Gobii MCP is a conversational agent-timeline API, not a task API. Each Gobii agent is a long-lived AI employee with one unified timeline, history, and context. MCP clients append messages to that timeline, read timeline events with durable cursors, and wait for matching timeline events. The MCP server does not create a separate task, run, conversation, or session abstraction for agent work.

Endpoint

Use the Streamable HTTP endpoint:

  • Production: https://gobii.ai/api/v1/mcp/
  • Self-hosted/local: http://localhost:8000/api/v1/mcp/

Gobii implements the MCP 2025-11-25 JSON-RPC flow over Streamable HTTP. Each request is a new POST with one JSON-RPC object. The endpoint returns application/json for requests and 202 Accepted for notifications/responses. Gobii does not open a standalone GET SSE stream in v1, so GET /api/v1/mcp/ returns 405 Method Not Allowed.

References:

Authentication

Use an existing Gobii API key. Send it on every request with either header:

X-Api-Key: $GOBII_API_KEY

or:

Authorization: Bearer $GOBII_API_KEY

Do not put API keys in query strings.
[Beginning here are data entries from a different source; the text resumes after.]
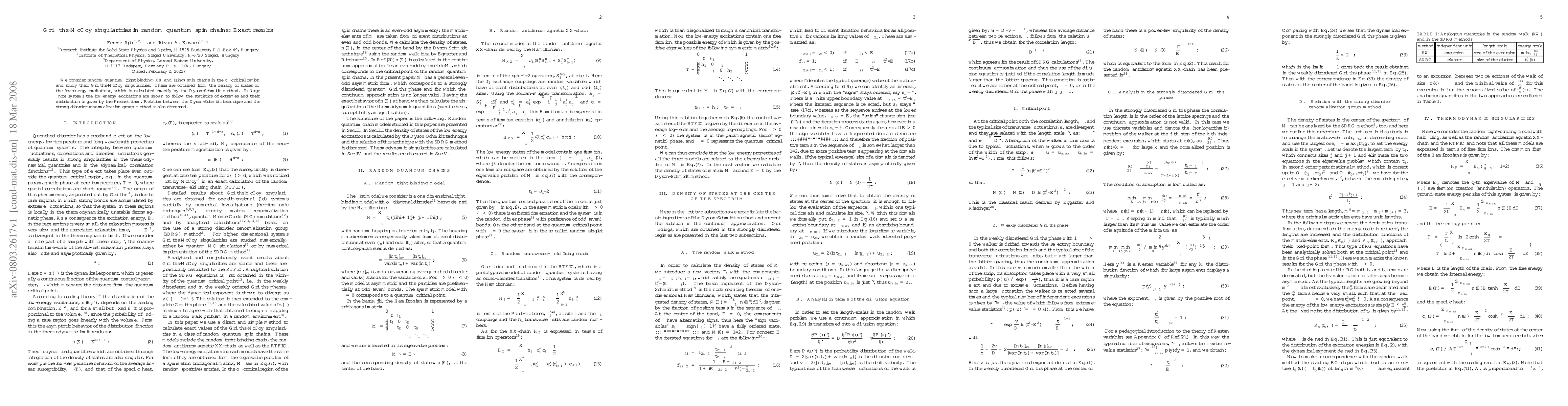 This paper investigates Griffiths-McCoy singularities in random quantum spin chains using the Dyson-Schmidt method to calculate the density of low-energy states exactly. It reveals that the low-energy excitations follow Fr\'echet distribution statistics, and discusses the connection between the Dyson-Schmidt technique and the strong disorder renormalization group method.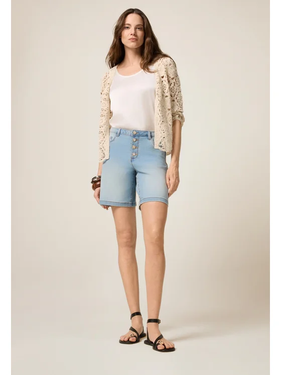 Bermuda realizzati in denim a lavaggio chiaro; chiusura a bottoni decorativi sulla patta; modello cinque tasche.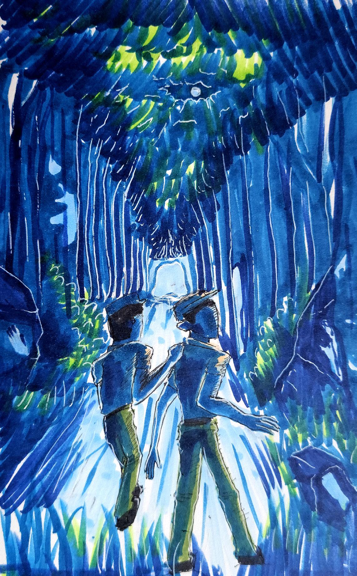 Woodcraft Rangers is a boy and girl scouts organization located in the San Jacinto Mountains. For this project I was assigned a portion of the trail and had to improve it and the trail was called the Rattlesnake Trail but all it had was a small fake snake made of some rocks. I had already decided the trail should be intentionally spooky at night and added spaces for programming during the day.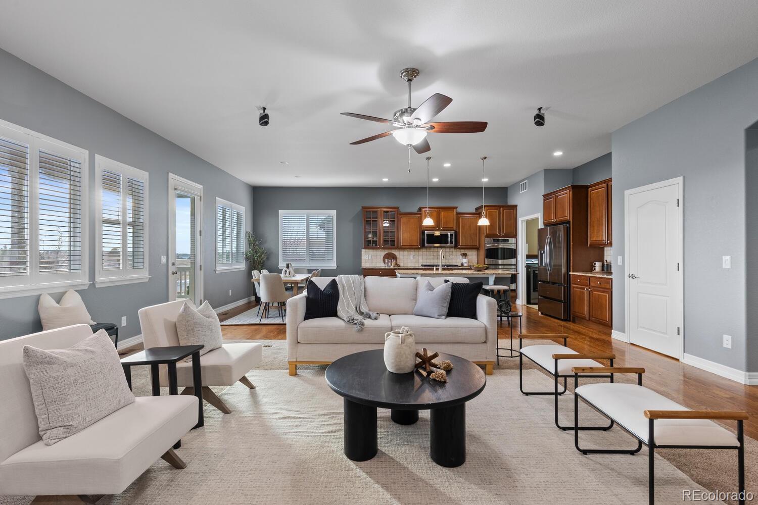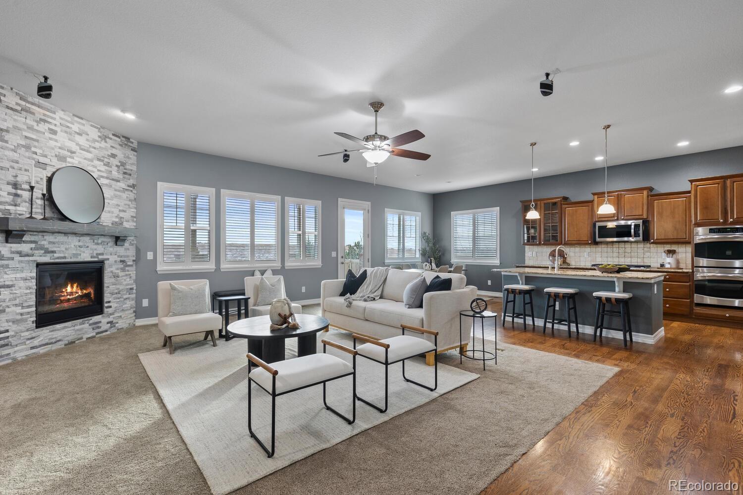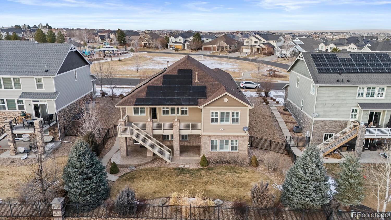 Step into a stunning residence in the highly sought-after Blackstone neighborhood of Aurora. Perfectly situated near Southlands Mall, top-rated dining, shopping, and just minutes to E-470. Nestled directly across from a neighborhood park with a basketball court. Relax on the expansive deck, enjoy morning coffee with the fresh Colorado air, or take in a spectacular Rocky Mountain sunset. Across the street, Toll Brothers ‘Piney Trails’ luxury multi-million-dollar homes are under construction, underscoring the long-term value and prestige of this location. Designed for both comfort and entertainment, this home features 4 spacious bedrooms/office, 3 bathrooms, a bonus room, media room, and a huge walk-out basement. The basement is an entertainer’s dream, boasting a fully finished bar, pool table (included), and versatile bonus room perfect for a home office, gym, playroom, or additional entertainment space. The private media/theater room is equipped with an incredible surround sound system and five luxury theater chairs (included). The upstairs living room also features built-in surround sound, creating a seamless audio experience throughout the home. All appliances, washer/dryer, all theatre room equipment / furniture and all TVs (4) are included, making this residence truly move-in ready. As a resident, you gain immediate access upon closing to the private Blackstone Country Club, offering a lifestyle beyond compare. Enjoy upscale dining, a resort-style pool with splash pad, tennis and pickleball courts, fitness center, and a full calendar of social events—all just steps from your door.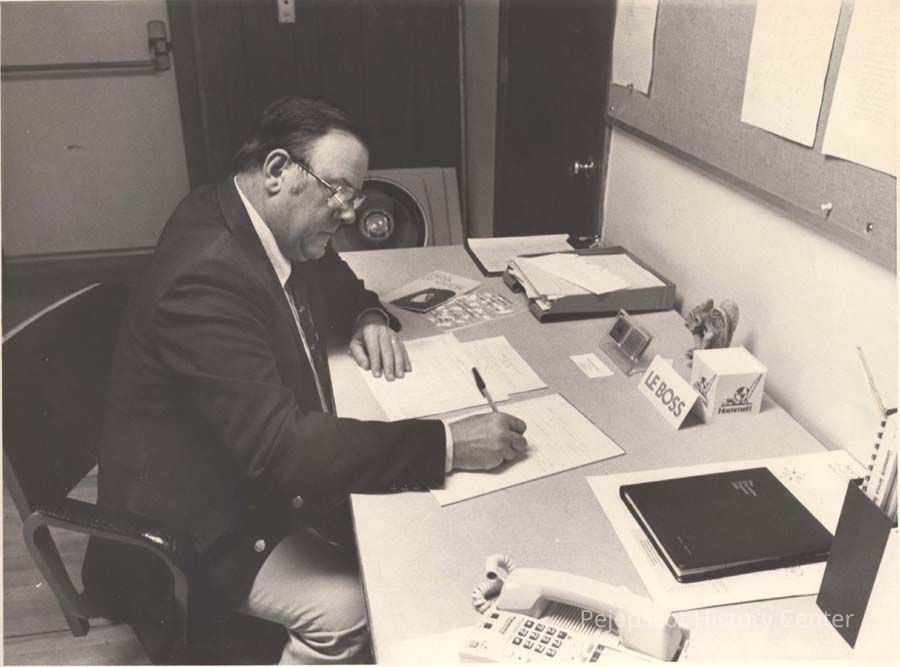 A black and white photograph of John Weldon, principal of Suggs Middle School, Lisbon Falls, was published in The Times Record in Brunswick, Maine, on 5/8/1986.

Organization API keys scope tools to organization-owned agents; personal API keys scope tools to agents accessible to that user.

Client Request Shape

Initialize:

curl -X POST https://gobii.ai/api/v1/mcp/ \
  -H "Content-Type: application/json" \
  -H "Accept: application/json, text/event-stream" \
  -H "Authorization: Bearer $GOBII_API_KEY" \
  -d '{
    "jsonrpc": "2.0",
    "id": "init-1",
    "method": "initialize",
    "params": {
      "protocolVersion": "2025-11-25",
      "capabilities": {},
      "clientInfo": {"name": "example-client", "version": "1.0.0"}
    }
  }'

List tools:

curl -X POST https://gobii.ai/api/v1/mcp/ \
  -H "Content-Type: application/json" \
  -H "Accept: application/json, text/event-stream" \
  -H "Authorization: Bearer $GOBII_API_KEY" \
  -d '{"jsonrpc":"2.0","id":"tools-1","method":"tools/list","params":{}}'

Call a tool:

curl -X POST https://gobii.ai/api/v1/mcp/ \
  -H "Content-Type: application/json" \
  -H "Accept: application/json, text/event-stream" \
  -H "Authorization: Bearer $GOBII_API_KEY" \
  -d '{
    "jsonrpc": "2.0",
    "id": "call-1",
    "method": "tools/call",
    "params": {
      "name": "gobii_list_agents",
      "arguments": {"page_size": 10}
    }
  }'

Gobii also validates Mcp-Method and Mcp-Name request headers when clients send them.

Tools

ToolPurpose
gobii_list_agentsList accessible persistent agents.
gobii_get_agentRetrieve one agent.
gobii_create_agentCreate an agent through Gobii's normal provisioning path.
gobii_update_agentUpdate mutable agent settings.
gobii_archive_agentSoft-delete/archive an agent.
gobii_get_agent_config_optionsDiscover supported agent config fields and option limits.
gobii_list_agent_linksList peer-agent links.
gobii_link_agentsCreate or enable a peer-agent link.
gobii_unlink_agentsRemove a peer-agent link while preserving history.
gobii_send_agent_messageSend a web-chat message to an agent, optionally with existing filespace attachments.
gobii_get_agent_timelineFetch timeline events and processing state using durable cursors.
gobii_get_agent_debug_traceFetch bounded, sanitized debugging context for one accessible agent.
gobii_wait_for_agent_eventBounded long-poll for matching timeline events after a cursor.
gobii_list_agent_filesList an agent's default filespace.
gobii_upload_agent_fileUpload a small base64 file into the agent filespace.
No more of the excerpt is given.